__Task inputs__:
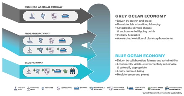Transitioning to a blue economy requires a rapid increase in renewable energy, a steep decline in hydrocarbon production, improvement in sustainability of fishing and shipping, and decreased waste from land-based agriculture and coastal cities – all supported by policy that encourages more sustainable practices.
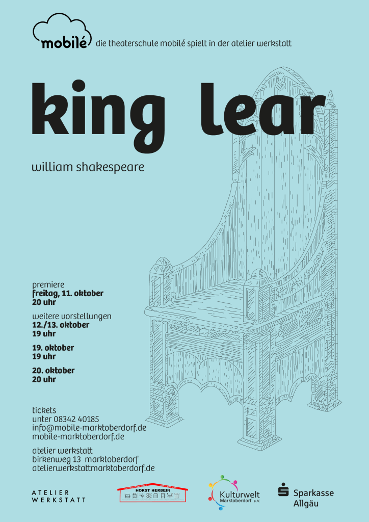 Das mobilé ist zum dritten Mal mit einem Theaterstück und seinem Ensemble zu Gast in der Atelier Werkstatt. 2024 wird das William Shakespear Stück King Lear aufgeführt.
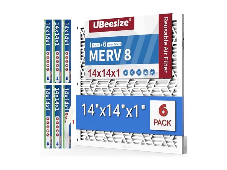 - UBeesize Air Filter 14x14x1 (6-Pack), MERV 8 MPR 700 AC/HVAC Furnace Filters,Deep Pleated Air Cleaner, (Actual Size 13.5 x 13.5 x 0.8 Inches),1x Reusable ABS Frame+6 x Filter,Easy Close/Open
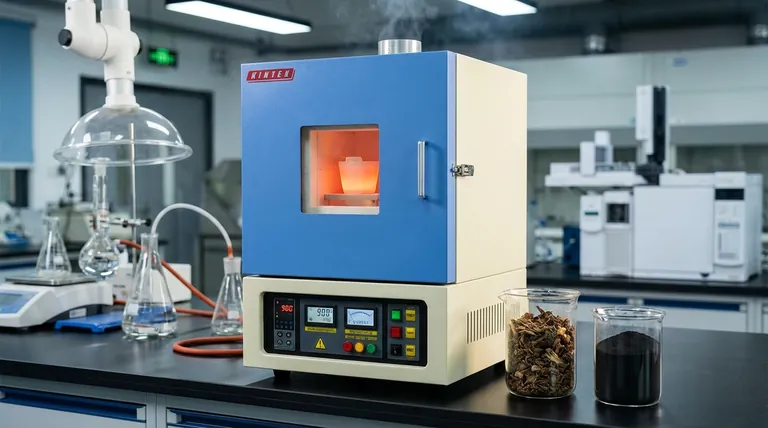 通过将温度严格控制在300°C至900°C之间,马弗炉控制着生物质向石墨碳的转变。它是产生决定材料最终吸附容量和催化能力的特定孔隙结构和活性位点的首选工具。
--
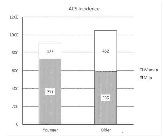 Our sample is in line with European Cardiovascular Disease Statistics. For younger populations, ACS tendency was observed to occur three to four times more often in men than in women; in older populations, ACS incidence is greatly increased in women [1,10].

__Assigned task__:
Above are records; write out the lines from the one with "- UBeesize Air" down to the one with "通过将温度严格控制在300°", exactly, leaving the pictures out.

__Final answer__:
 - UBeesize Air Filter 14x14x1 (6-Pack), MERV 8 MPR 700 AC/HVAC Furnace Filters,Deep Pleated Air Cleaner, (Actual Size 13.5 x 13.5 x 0.8 Inches),1x Reusable ABS Frame+6 x Filter,Easy Close/Open
 通过将温度严格控制在300°C至900°C之间,马弗炉控制着生物质向石墨碳的转变。它是产生决定材料最终吸附容量和催化能力的特定孔隙结构和活性位点的首选工具。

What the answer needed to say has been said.